Ces papiers d'Amérique(s) sont aussi à leur manière les papiers d'un jour.

Un journal, peut-être ? Un carnet, plus sûrement. Des notes et des impressions. Des textes gouvernés par la circonstance. Improvisés quand il faut. Mal écrits souvent, à la hâte ou sur le vif.

D’une intention encore mal éclaircie. Ils (se) cherchent moins quelque patronage littéraire qu'à découvrir cette intention.

Des papiers, encore. Drôle de matière. Moins emblème que dissonance, lorsqu’on les mesure à leurs ponctuations numériques. Il arrive toutefois qu'ils s’accordent avec le sens qu'ils possèdent en langue anglaise. Ils (re)deviennent alors une catégorie du discours.

Ce sont généralement plutôt des brèves, des citations ou des gloses. Des bouts d'expérience, qui deviennent par accident métaphores. Des morceaux d'actualité. Et pour tout dire, les digressions y occupent le centre.

Les dates qui leur répondent, aléatoires ou affectives, ne tiennent elles-mêmes que de fendre un peu des événements de nature très diverse, intimes ou publics, quelconques - incertains.

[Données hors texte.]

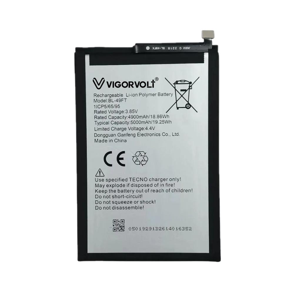 Vigorvolt Original Mobile Battery for Tecno Spark Go 2020/ Tecno Spark 5/ Tecno Camon 15 / Tecno Pop 4/ Tecno Spark 5 Pro/ Tecno Spark 6 Go/ Tecno Camon 15 Air/ Tecno Pop 4 Air/ KE5/ CD7/ BC2C (49 FT)

Pour l'essentiel, tout y est vu d'ici.

vendredi 8 février 2019

ACTUALITÉ

En considérant la notion ambiguë de l’actualité, entre autres pour se dessaisir de la version journalistique de la parole critique, l’auteur la soustrait à la logique de l’immédiat, il donne à repenser sur le long cours la catégorie du présent, plus largement l’idée même d’événement tel que, simultanément, il produit l’œuvre, se trouve produit par l’œuvre : « Lorsqu’on parle d’actualité, il me semble qu’on oublie une dimension très importante de cette actualité : l’échelle temporelle. Il y a plusieurs actualités superposées : l’actualité au jour le jour, l’actualité à la semaine, qui est l’actualité de l’hebdomadaire, et on sait bien que les hebdomadaires ne parlent pas tout à fait des mêmes événements que les journaux. De même il y a une actualité qu’on peut mesurer au mois et une autre qu’on peut mesurer à l’année. Et de même les travaux que je fais ont une échelle d’actualité assez variée, une échelle, je l’espère, de dizaine d’années. C’est donc dans dix ou dans vingt ans ou même plus tard que l’on verra l’actualité véritable de mes travaux. » (Entretiens, t. II, p. 43). Et il est remarquable que Butor désigne l’acte de création par ses travaux – en chantier, dans linachevé et louvert.